───── Records for this exercise ─────

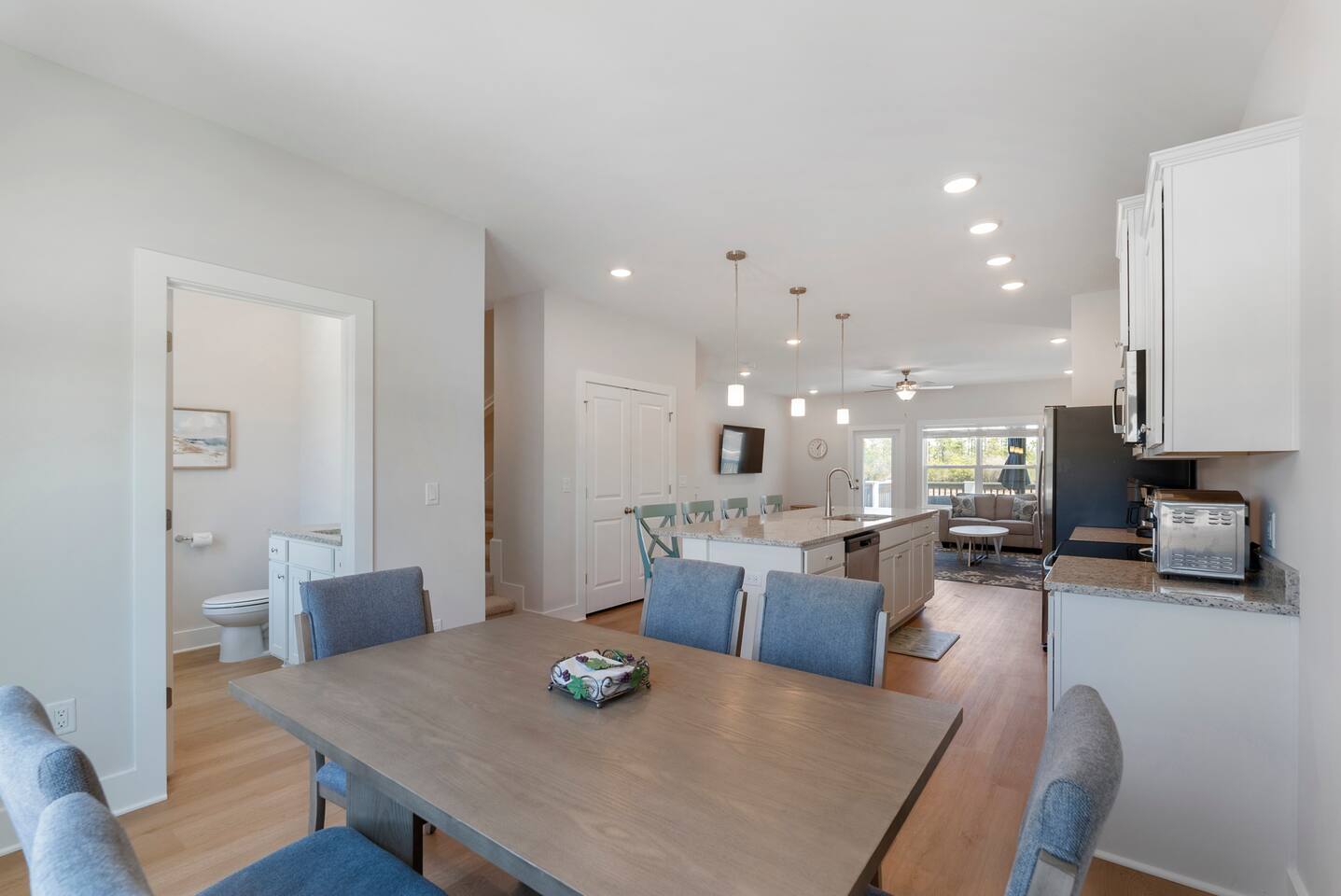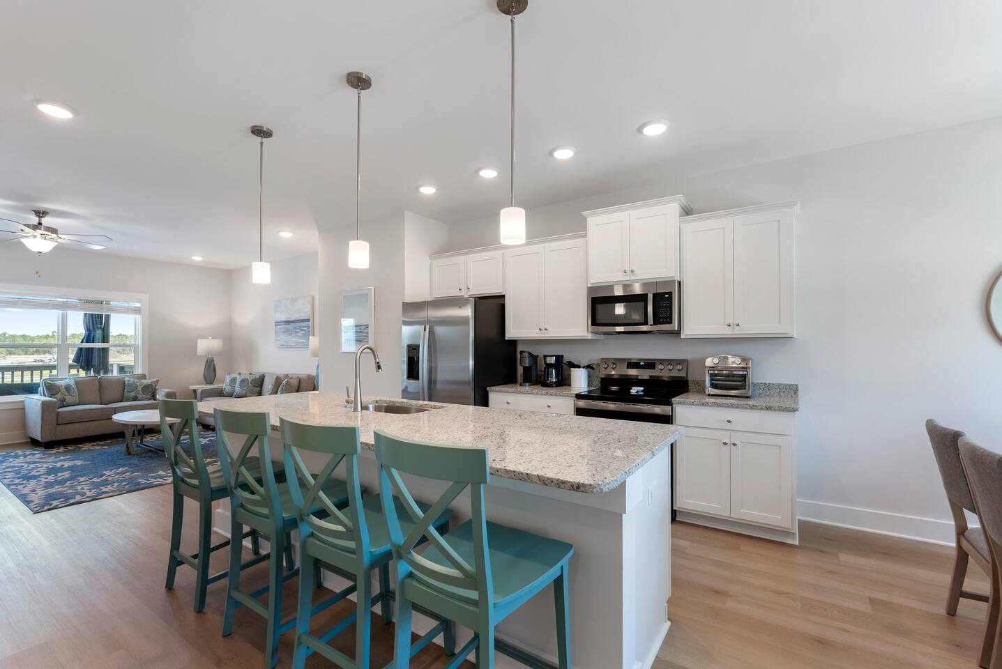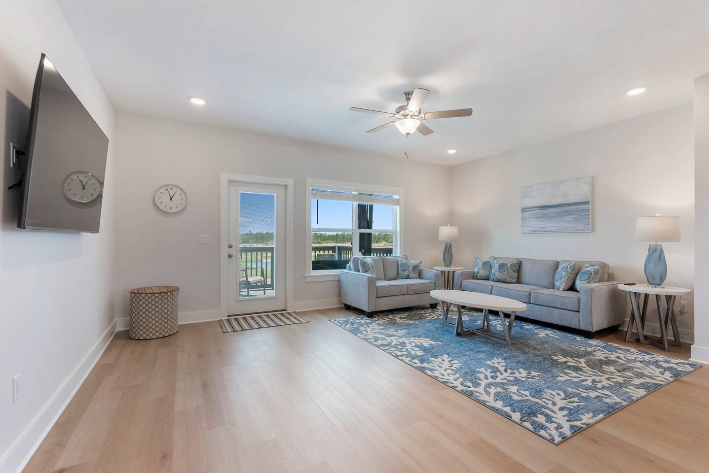 The charming Panama City Beach house is designed to provide a comfortable getaway for all visitors seeking the perfect stay. Its modern setting and outstanding facilities will offer the levels of relaxation and convenience you are looking for in a vacation home. Each room has an abundance of amenities and beautiful furnishings, enriched by plenty of natural light that accentuates the bright floors and tastefully chosen decor. Every inch of space is well-used, which is best visible in the entertaining and cozy open-concept living room, which successfully combines the living area with the lovely dining space and the fully equipped kitchen. Three highly comfortable bedrooms will provide all the relaxation you need after a thrilling day at the sandy beach. Youβll be able to catch a breath of fresh air in the backyard. We recommend lounging on the front porch if youβd like to get a feel for the tranquil neighborhood. β LIVING ROOM β The living room is perfect for enjoying fun and memorable moments after an eventful day. Find your spot on the comfy sofa, grab some snacks and drinks, and enjoy watching TV with your family and friends. β Comfortable Sofas with Pillows β 65β Smart TV β Stylish Coffee Table β Reading Lamp β KITCHEN & DINING β Come to the fully equipped kitchen and use its many modern cooking appliances, spacious quartz countertops, and ample cabinetry to create tasty homemade meals worthy of the most praised restaurants. β Microwave β Stove β Oven β Toaster β Blender β Refrigerator/Freezer β Dishwasher β Two Coffee Makers β Sink - Hot & Cold Water β Glasses β Silverware β Pots & Pans Enjoy a refreshing drink in the backyard while the designated family chef works their magic in the kitchen. The smells will invite you to the dining table for a tasty, homemade meal. β Dining Table with Seating for 6 β Kitchen Island with Seating for 4 β Access to the Balcony β SLEEPING ARRANGEMENTS - 3 BEDROOMS β You can retreat to these comfortable bedrooms, designed and furnished, to give you all the rest needed after a day of adventuring throughout Panama City Beach and the community. β Master Bedroom: Queen-Size Bed, Ensuite Bathroom β Bedroom 2: Queen-Size Bed β Bedroom 3: Bunk Bed (Twin over full and pull-out twin) β Premium Pillows, Linens, and Sheets β Smart TVs β Closets with Hangers and Shelves β Nightstands with Reading Lamps β BATHROOMS β In addition to the ensuite bathroom of the master bedroom, the home offers another full, relaxing bathroom stocked with essential toiletries and fresh towels for maximum comfort and convenience. β Walk-In Shower β Vanity (Double in the Master Bath) β Mirror β Toilet β Towels β Hair Dryer β Essential Toiletries β OUTDOOR AREAS β Patio on the first floor and a balcony on the second floor. You can look no further than our charming home for your memorable visit to Panama City Beach, FL. We look forward to you experiencing its complete comfort and coziness.
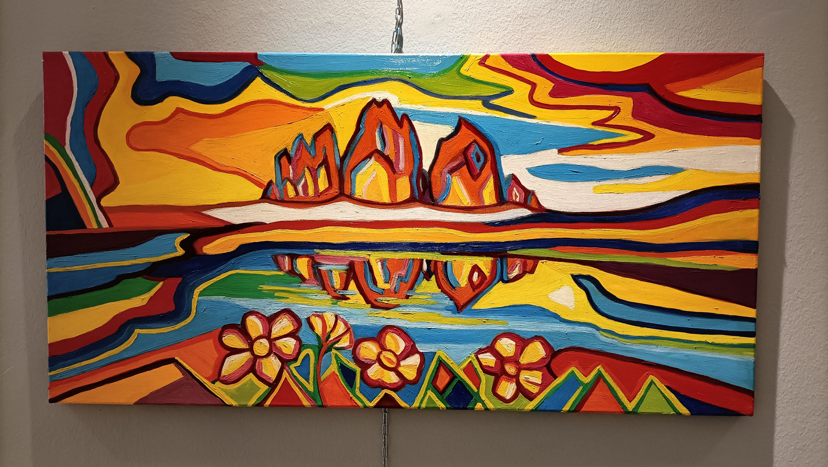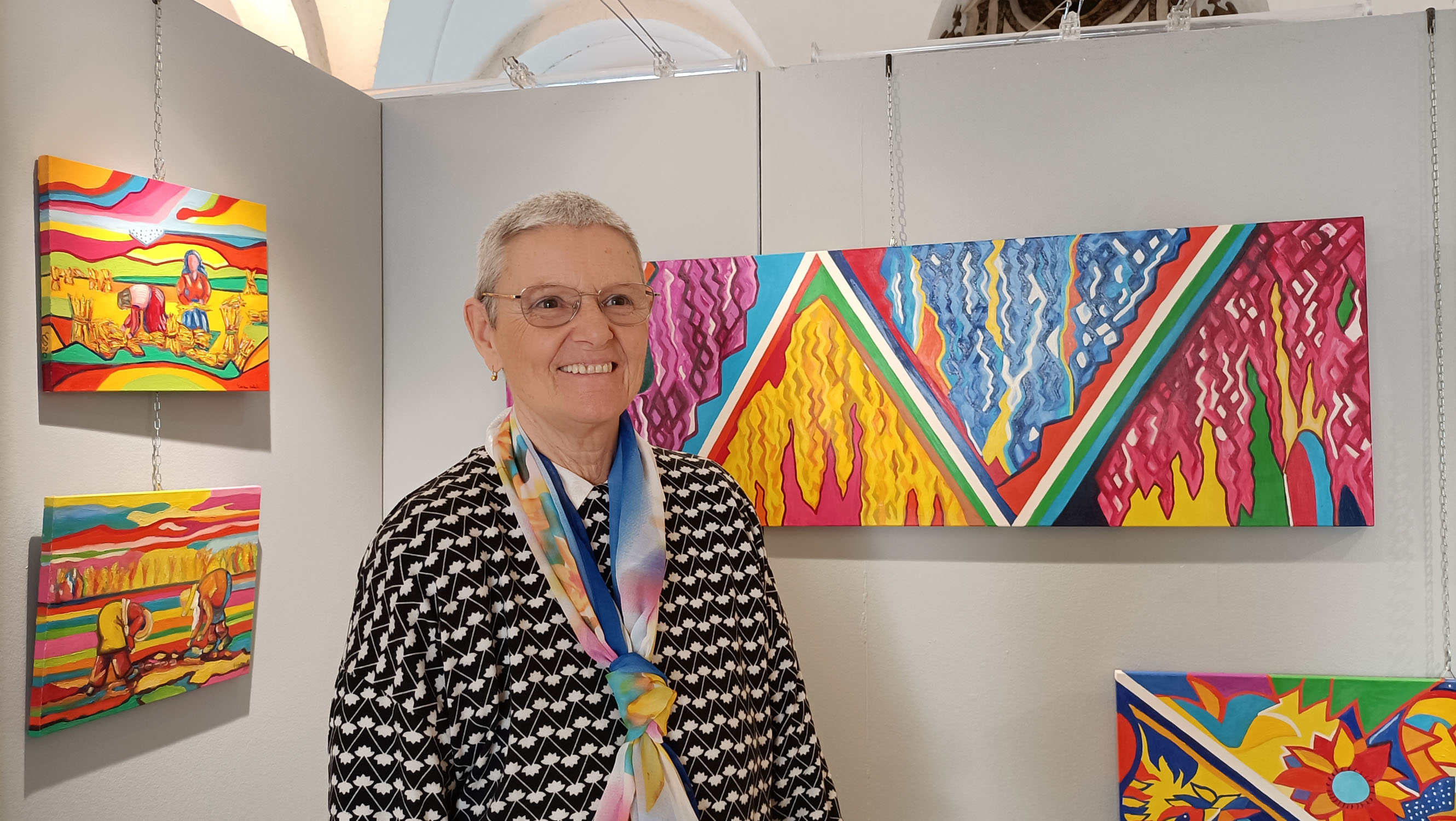 Entrando alla Mostra si ha la sensazione di immergersi in ‘tavolozza’ policroma dove i colori sembrano ‘fuoriuscire’ dalle tele su cui sono stati stesi, tanto sono vivaci sia negli accostamenti che nelle figurazioni: alberi, fiori di ogni sorta, scene di vita pastorale, paesaggi noti della realtà montana dove vive l’artista, insomma un vero e proprio tripudio di tinte sature che danno una emozione vivace e allo stesso tempo sono in grado di inondarti l’anima. Questa è la sensazione che ho provato di primo acchito entrando nella sala Thun.
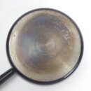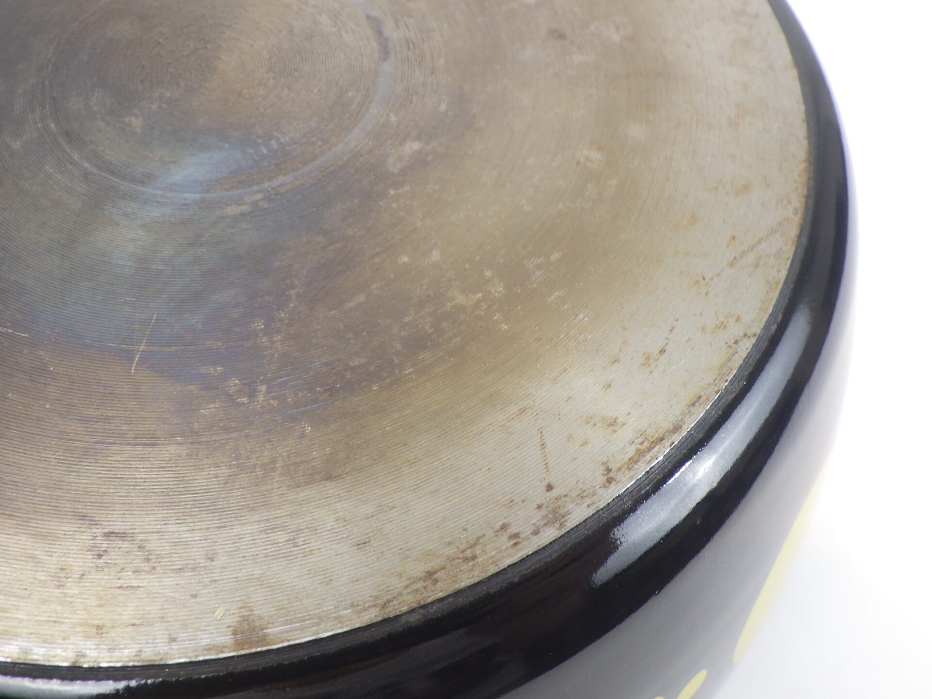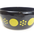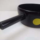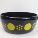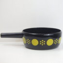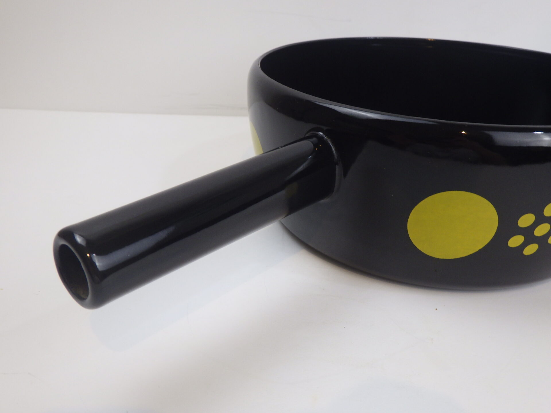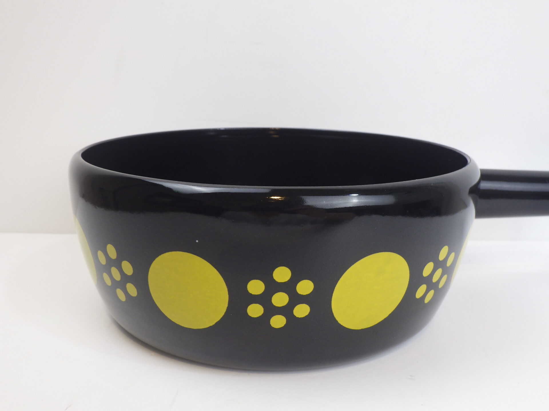 | ブラックベースにイエローの可愛いドットプリントのエナメルソース鍋です。 スウェーデン製です。 元々はウォームスタンドが付属していたようです。 普段使いの他、キャンプなどアウトドアに持ち出すのにも良いサイズです。 ぐるりと一周プリントされているので、どこから見ても可愛いのが良いですね。 |
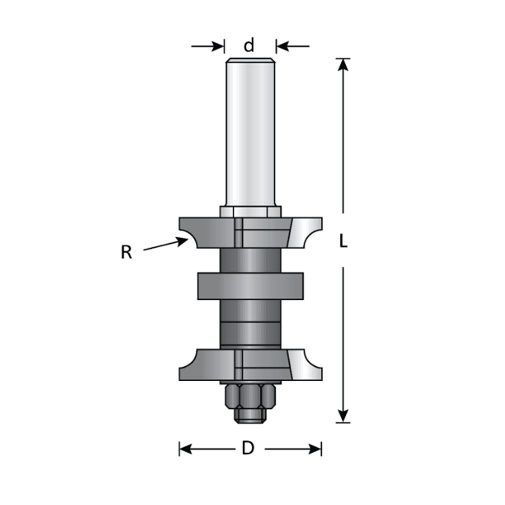 Cet ensemble d'arrondi ultime est entièrement réglable pour arrondir les deux coins, en haut et en bas, en un seul passage, en ajustant l'assemblage des entretoises sur l'arbre.
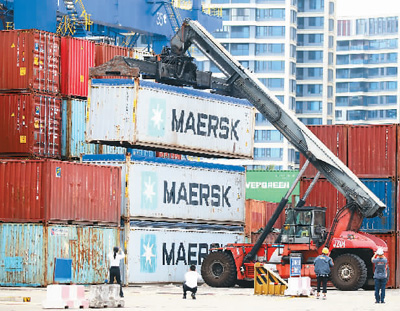 海南自貿(mào)港免稅商品在海口港集裝箱碼頭完成卸貨,并順利通過海口港海關(guān)查驗(yàn)后放行。
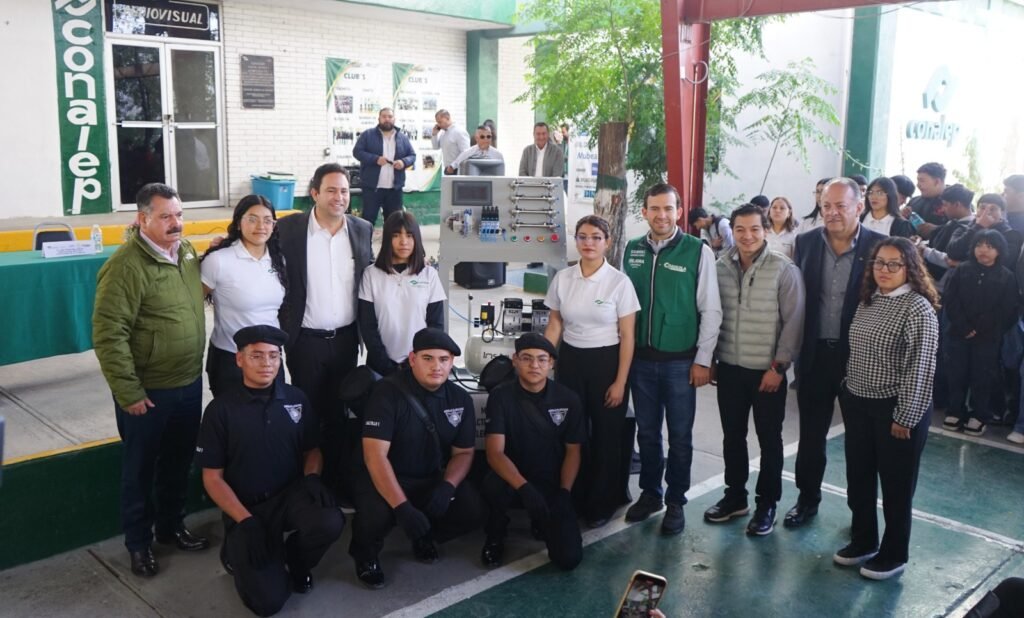 Iniciando en el CONALEP 1, Mejora Coahuila entregó módulos de prácticas de control y electroneumática, diseñados para impulsar la formación técnica de las y los estudiantes, además de que se otorgó al plantel la certificación ISO 9001:2015, que avala sus procesos bajo estándares internacionales de calidad.
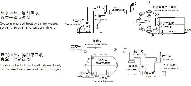 注:如采用冷凝器,物料中的溶劑可通過冷凝器加以回收;如采用SK系列水環(huán)真空泵,可不用冷凝器,節(jié)省能源投資。
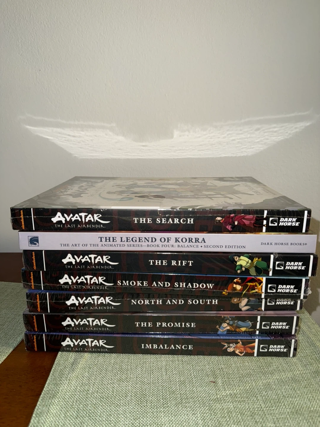 This set includes several Avatar: The Last Airbender graphic novels: The Search, The Rift, Smoke and Shadow, North and South, The Promise, and Imbalance. It also includes The Legend of Korra: The Art of the Animated Series - Book Four: Balance, Second Edition. All books are published by Dark Horse Comics.
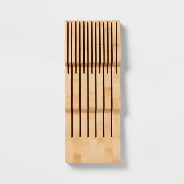Keep your knives organized with this Bamboo In-Drawer Knife Organizer from Brightroom™. This bamboo knife organizer features 13 slots to safely store different knives while keeping their sharp edges hidden to prevent accidental nicks.
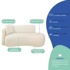 Estrutura: Madeira de Eucalipto Reflorestada e MDF. Estofamento: Espuma D-23. Revestimento: Bouclé.Vendido e entregue por WebContinental
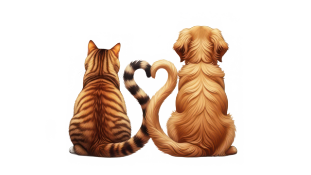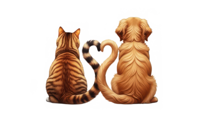 A heartwarming bond: cat and dog tails form a perfect heart, symbolizing deep friendship isolated on transparent background
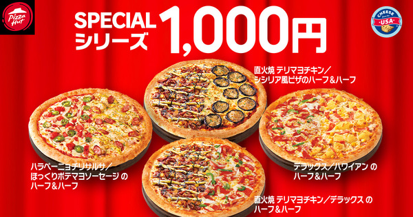 また、2種類のピザを組み合わせた「ハーフ&ハーフ」も1000円になり、最大1830円おトクに購入できます。
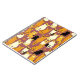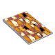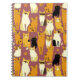 Notebook in a playful pattern of stylised cats in warm shades of ginger, cream, black, and brown on a caramel brown background. Each cat has its own cute expression and markings, with little paw prints scattered throughout.
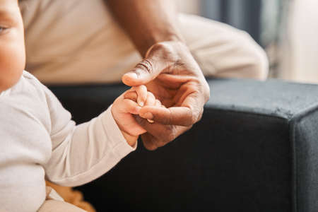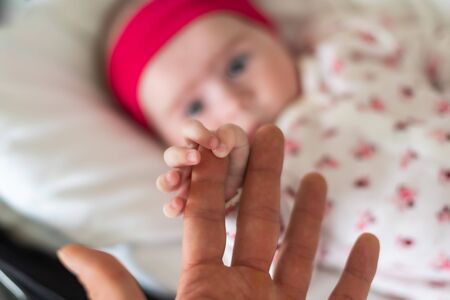 Infant hand gripping adult finger. Selective focus background. 6mont old lying on bed and holding fathers finger.
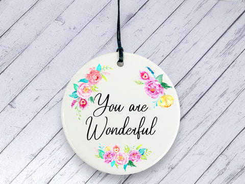 Motivational Gift - You are Wonderful - Floral Ceramic circle
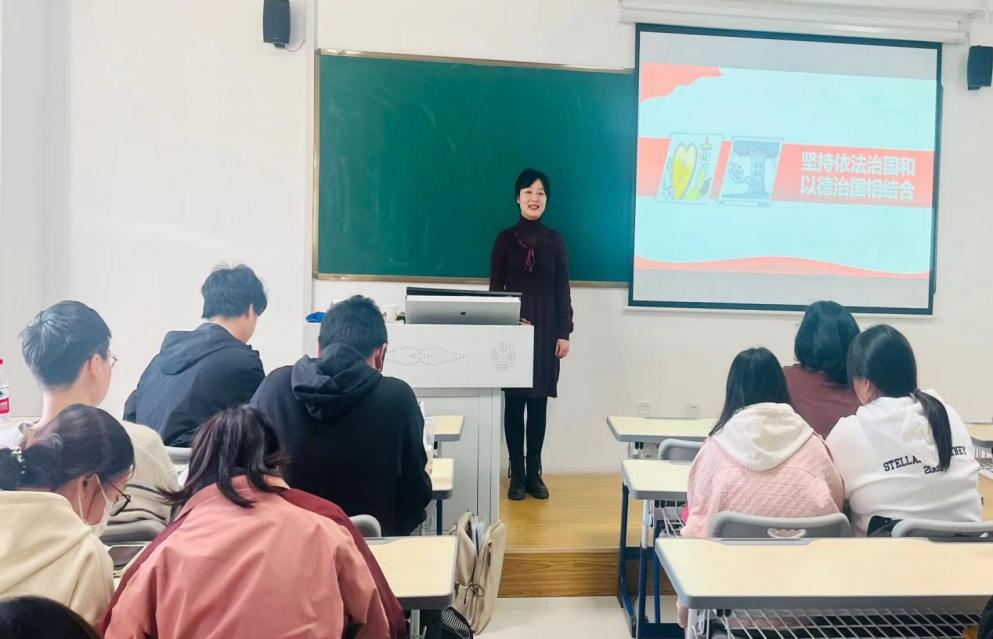 袁莺老师紧紧围绕《坚持依法治国和以德治国相结合》的教学主题,从依法治国和以德治国的联系和区别、如何坚持法治和德治相结合推进治国理政的进程、坚持依法治国和以德治国与成长于新时代的青年有何关系以及新时代青年如何做到德法兼修四个方面进行了精彩的课堂授课。袁老师让在场的老师们感受到了扎实的专业功底、热爱讲台的信念、深情并茂的讲授、灵活多变的教学手段,也让在场的学生感受到一堂好课可以唤醒沉睡的心灵,一堂好课犹如一顿精神大餐,全场学生参与度满满,主题讨论、观点投票、学生纷纷举手表达。在座师生深受启发,示范课巡讲活动取得很好成效。
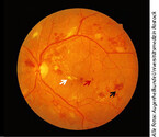 Eine Sehverschlechterung nehmen die Patienten jedoch erst wahr, wenn die Fovea centralis selbst mitbetroffen ist (Barber 2003; Kollias & Ulbig 2010). Weitere Merkmale diabetesbedingter vaskulärer Veränderungen sind die Entwicklung von Mikroaneurysmen, die Ablagerung von Exsudaten, Blutungen und schließlich Neovaskularisationen an der Papille im Sinne einer proliferativen DR (s. Abb. 1).
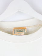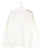 Weißer Vintage Sweater aus den 90'ern in Größe L. Er ist aus einer Baumwollmischung und in gutem Zustand im Bestand. Mit chiquem Contest Print.
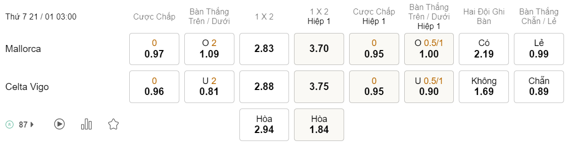 Tỉ lệ kèo Mallorca vs Celta Vigo

─────

What you should do - Look above for the line with "Iniciando en el"; quote it and every line after it, stopping after the line with "注:如采用冷凝器,物料中的溶", exactly, with nothing added and without pictures.

Written response -
 Iniciando en el CONALEP 1, Mejora Coahuila entregó módulos de prácticas de control y electroneumática, diseñados para impulsar la formación técnica de las y los estudiantes, además de que se otorgó al plantel la certificación ISO 9001:2015, que avala sus procesos bajo estándares internacionales de calidad.
 注:如采用冷凝器,物料中的溶劑可通過冷凝器加以回收;如采用SK系列水環(huán)真空泵,可不用冷凝器,節(jié)省能源投資。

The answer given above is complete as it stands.